(Records from a dataset)
◇ ◇ ◇ ◇ ◇

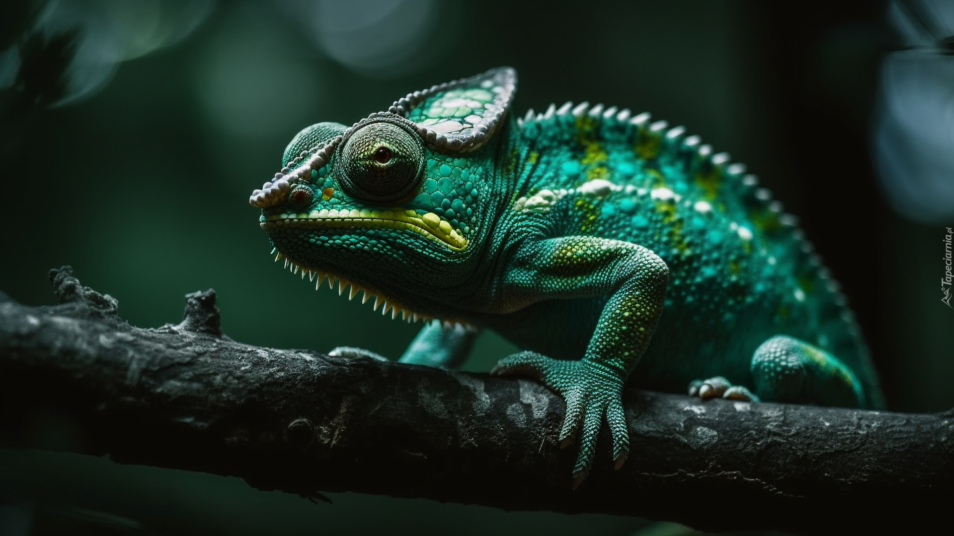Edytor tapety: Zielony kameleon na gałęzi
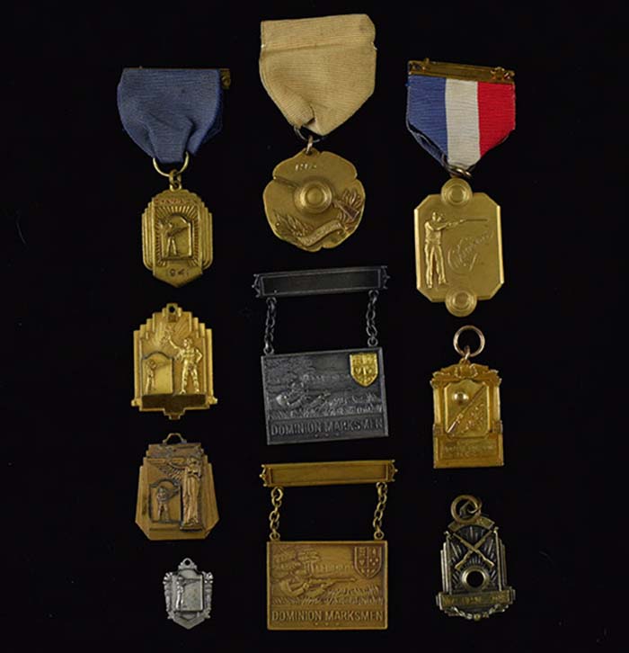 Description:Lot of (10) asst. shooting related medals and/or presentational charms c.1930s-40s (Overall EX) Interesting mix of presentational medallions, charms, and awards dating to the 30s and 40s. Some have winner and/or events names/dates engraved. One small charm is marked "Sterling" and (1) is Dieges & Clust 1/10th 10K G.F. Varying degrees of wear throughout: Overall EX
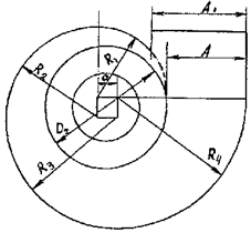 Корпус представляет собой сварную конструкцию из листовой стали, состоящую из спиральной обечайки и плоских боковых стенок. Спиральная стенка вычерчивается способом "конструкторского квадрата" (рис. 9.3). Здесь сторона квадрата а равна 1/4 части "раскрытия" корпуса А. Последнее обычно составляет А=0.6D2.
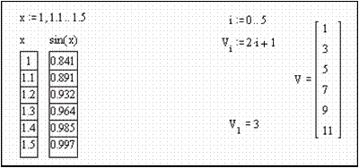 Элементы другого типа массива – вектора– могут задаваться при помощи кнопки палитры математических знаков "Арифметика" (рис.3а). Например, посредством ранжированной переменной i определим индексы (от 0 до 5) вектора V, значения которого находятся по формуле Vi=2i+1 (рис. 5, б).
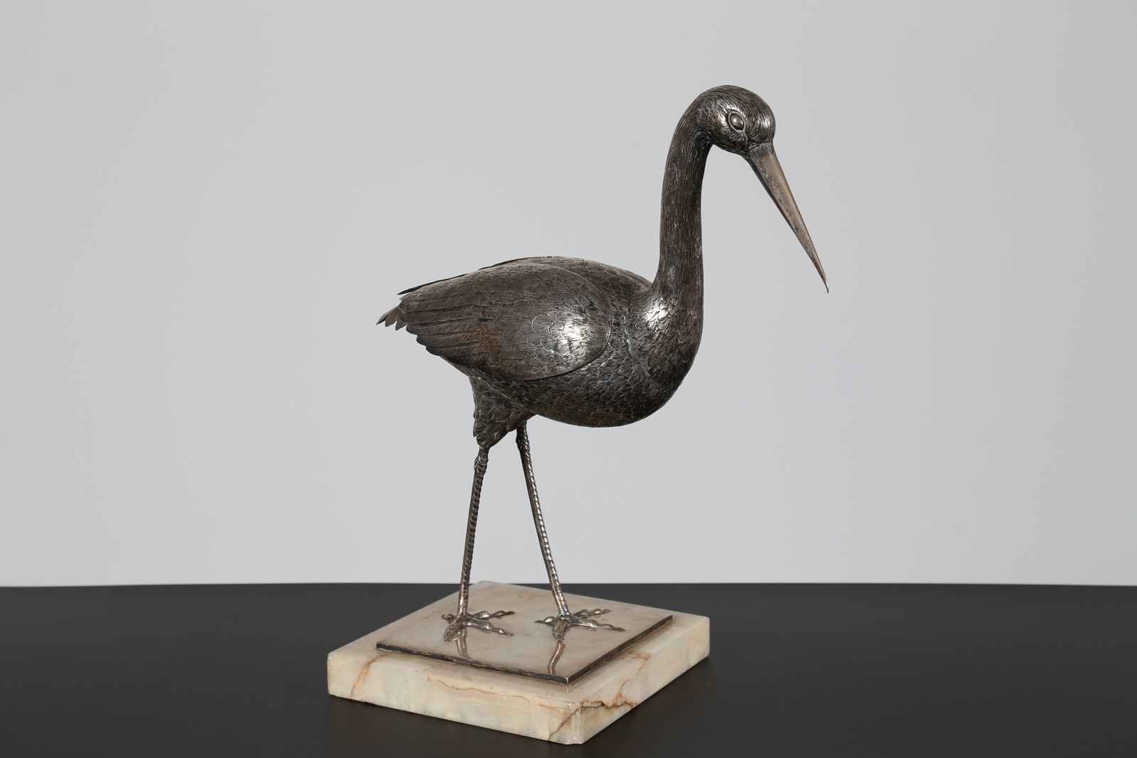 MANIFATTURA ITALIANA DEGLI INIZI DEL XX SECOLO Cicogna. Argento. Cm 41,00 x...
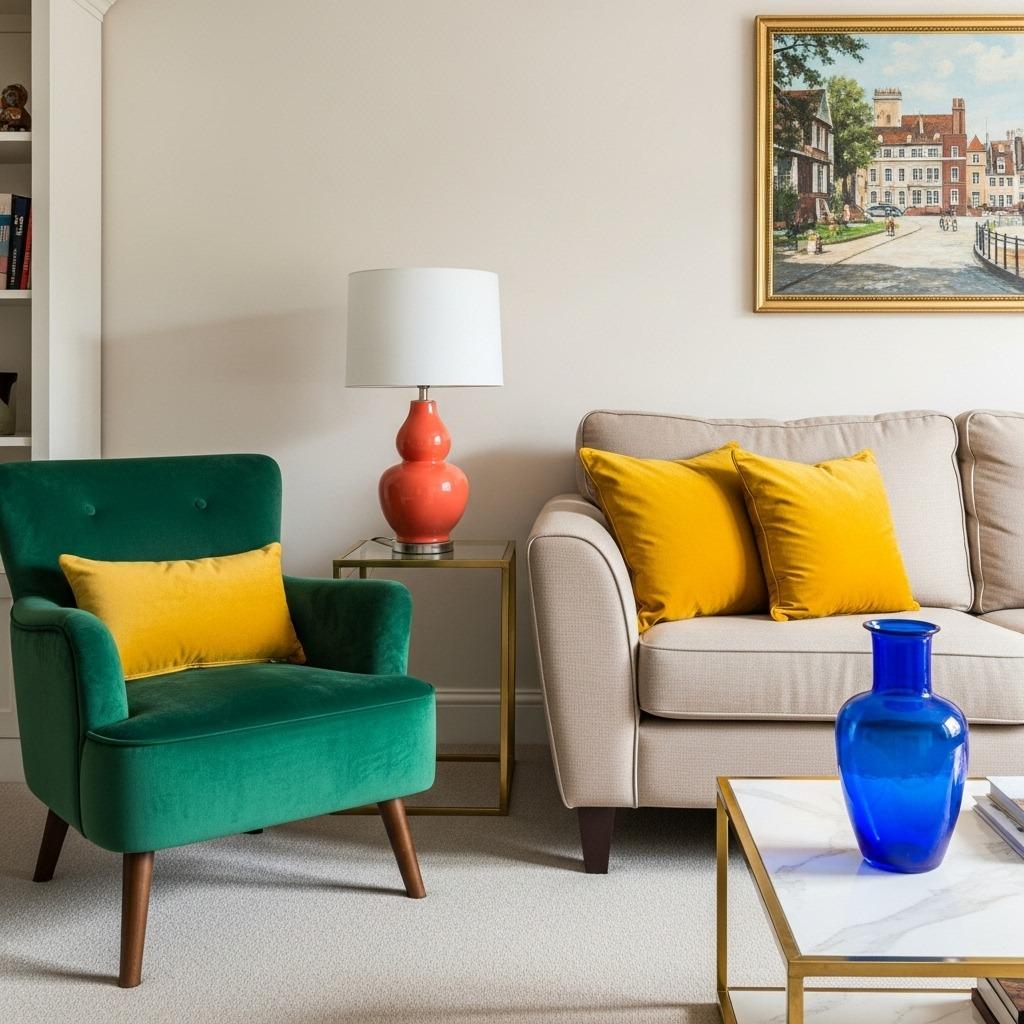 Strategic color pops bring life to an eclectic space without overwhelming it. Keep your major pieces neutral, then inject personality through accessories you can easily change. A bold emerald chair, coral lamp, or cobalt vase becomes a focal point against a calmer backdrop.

◇ ◇ ◇ ◇ ◇

**Prompt:** Working from the line containing "MANIFATTURA ITALIANA DEGLI" to the last line of the data, retype every line exactly, both ends included, and leave out all pictures.

**Solved exercise:**
 MANIFATTURA ITALIANA DEGLI INIZI DEL XX SECOLO Cicogna. Argento. Cm 41,00 x...
 Strategic color pops bring life to an eclectic space without overwhelming it. Keep your major pieces neutral, then inject personality through accessories you can easily change. A bold emerald chair, coral lamp, or cobalt vase becomes a focal point against a calmer backdrop.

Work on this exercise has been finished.